### Instructions to follow:
Go to the line below that has "夜にプロテインを取り入れると", print it and each line after it exactly, and stop after the line that has "Modelo de apartamento: Townhome"; leave out pictures.

### Data extracts:
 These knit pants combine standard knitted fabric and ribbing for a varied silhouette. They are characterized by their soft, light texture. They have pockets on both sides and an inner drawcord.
---
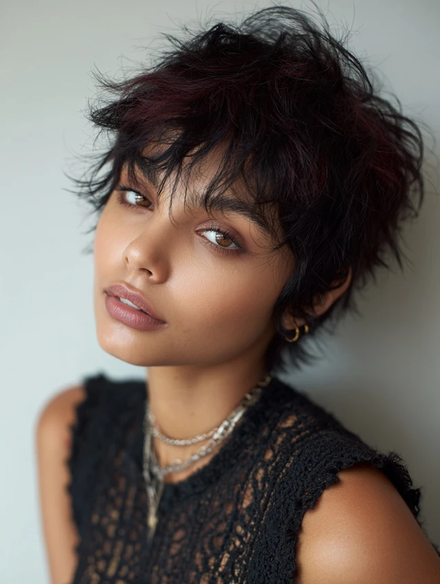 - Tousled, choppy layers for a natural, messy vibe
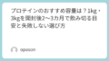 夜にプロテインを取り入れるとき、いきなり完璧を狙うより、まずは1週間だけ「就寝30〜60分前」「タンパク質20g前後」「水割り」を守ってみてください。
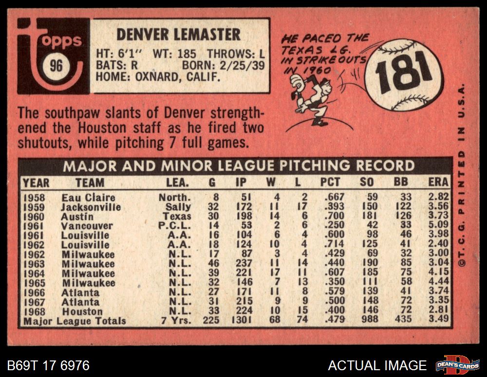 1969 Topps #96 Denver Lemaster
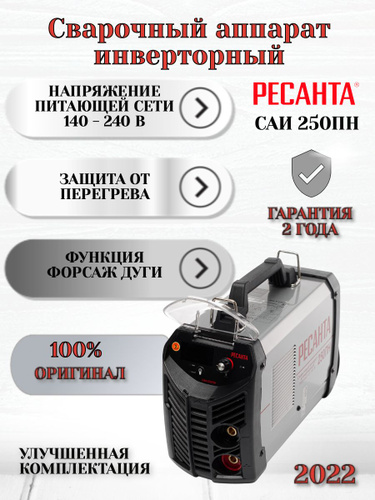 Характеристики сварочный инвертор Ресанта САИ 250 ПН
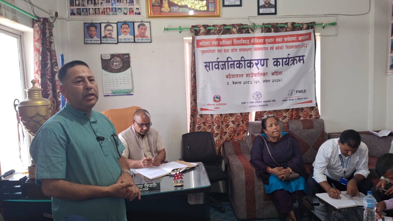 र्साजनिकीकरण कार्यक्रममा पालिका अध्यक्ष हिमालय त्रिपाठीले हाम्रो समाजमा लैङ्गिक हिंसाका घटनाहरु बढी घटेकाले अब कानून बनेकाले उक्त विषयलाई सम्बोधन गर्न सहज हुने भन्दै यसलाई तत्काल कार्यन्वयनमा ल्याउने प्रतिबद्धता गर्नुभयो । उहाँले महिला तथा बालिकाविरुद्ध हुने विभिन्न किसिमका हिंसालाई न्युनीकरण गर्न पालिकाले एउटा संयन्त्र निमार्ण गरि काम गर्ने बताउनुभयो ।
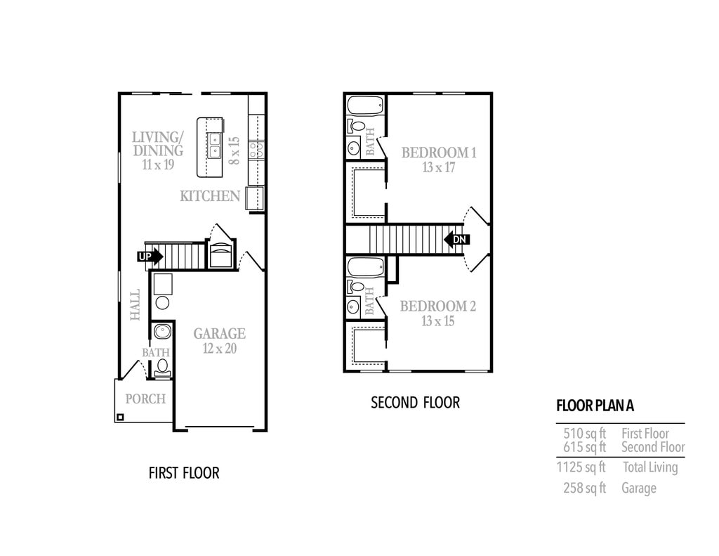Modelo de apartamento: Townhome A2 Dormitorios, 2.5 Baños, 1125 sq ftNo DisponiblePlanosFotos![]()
* * *
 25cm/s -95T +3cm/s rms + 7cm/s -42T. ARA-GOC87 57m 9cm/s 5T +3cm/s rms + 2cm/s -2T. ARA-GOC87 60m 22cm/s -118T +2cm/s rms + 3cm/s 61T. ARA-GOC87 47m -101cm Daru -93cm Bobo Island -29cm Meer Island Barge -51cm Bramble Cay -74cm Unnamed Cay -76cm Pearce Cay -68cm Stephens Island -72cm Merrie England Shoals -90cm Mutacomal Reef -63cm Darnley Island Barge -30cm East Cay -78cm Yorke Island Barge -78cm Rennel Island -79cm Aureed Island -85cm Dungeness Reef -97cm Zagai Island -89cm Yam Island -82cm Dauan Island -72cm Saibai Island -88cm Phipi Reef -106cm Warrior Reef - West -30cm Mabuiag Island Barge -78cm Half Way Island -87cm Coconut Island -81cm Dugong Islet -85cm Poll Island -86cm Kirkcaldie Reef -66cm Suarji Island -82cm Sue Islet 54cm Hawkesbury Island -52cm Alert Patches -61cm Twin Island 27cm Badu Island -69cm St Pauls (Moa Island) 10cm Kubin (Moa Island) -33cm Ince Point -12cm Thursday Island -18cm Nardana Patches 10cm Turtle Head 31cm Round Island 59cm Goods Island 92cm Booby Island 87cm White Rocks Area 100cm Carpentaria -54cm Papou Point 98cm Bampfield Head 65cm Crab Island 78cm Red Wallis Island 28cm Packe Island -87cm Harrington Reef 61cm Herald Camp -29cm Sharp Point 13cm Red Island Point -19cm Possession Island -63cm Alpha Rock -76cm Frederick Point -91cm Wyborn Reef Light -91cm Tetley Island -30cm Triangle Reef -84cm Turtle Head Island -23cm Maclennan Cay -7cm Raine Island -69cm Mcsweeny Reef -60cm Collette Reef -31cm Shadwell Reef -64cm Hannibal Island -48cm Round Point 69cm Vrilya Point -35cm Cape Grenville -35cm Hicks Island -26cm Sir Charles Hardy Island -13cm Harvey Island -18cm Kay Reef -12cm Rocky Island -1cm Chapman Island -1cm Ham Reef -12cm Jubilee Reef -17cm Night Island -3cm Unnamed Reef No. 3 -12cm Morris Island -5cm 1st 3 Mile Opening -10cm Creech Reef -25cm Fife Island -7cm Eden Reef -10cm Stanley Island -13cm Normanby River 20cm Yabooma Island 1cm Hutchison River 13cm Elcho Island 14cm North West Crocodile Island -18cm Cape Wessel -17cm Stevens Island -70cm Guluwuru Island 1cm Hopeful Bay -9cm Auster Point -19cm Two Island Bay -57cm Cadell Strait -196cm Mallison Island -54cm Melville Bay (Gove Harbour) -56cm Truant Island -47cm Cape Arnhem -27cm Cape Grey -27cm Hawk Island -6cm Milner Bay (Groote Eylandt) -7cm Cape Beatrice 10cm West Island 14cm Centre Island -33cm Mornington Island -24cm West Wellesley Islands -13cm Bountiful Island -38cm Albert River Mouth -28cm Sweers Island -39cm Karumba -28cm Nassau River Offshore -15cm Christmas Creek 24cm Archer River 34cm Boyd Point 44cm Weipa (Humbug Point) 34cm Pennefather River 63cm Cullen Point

### Task answer:
 夜にプロテインを取り入れるとき、いきなり完璧を狙うより、まずは1週間だけ「就寝30〜60分前」「タンパク質20g前後」「水割り」を守ってみてください。
 1969 Topps #96 Denver Lemaster
 Характеристики сварочный инвертор Ресанта САИ 250 ПН
 र्साजनिकीकरण कार्यक्रममा पालिका अध्यक्ष हिमालय त्रिपाठीले हाम्रो समाजमा लैङ्गिक हिंसाका घटनाहरु बढी घटेकाले अब कानून बनेकाले उक्त विषयलाई सम्बोधन गर्न सहज हुने भन्दै यसलाई तत्काल कार्यन्वयनमा ल्याउने प्रतिबद्धता गर्नुभयो । उहाँले महिला तथा बालिकाविरुद्ध हुने विभिन्न किसिमका हिंसालाई न्युनीकरण गर्न पालिकाले एउटा संयन्त्र निमार्ण गरि काम गर्ने बताउनुभयो ।
Modelo de apartamento: Townhome A2 Dormitorios, 2.5 Baños, 1125 sq ftNo DisponiblePlanosFotos![]()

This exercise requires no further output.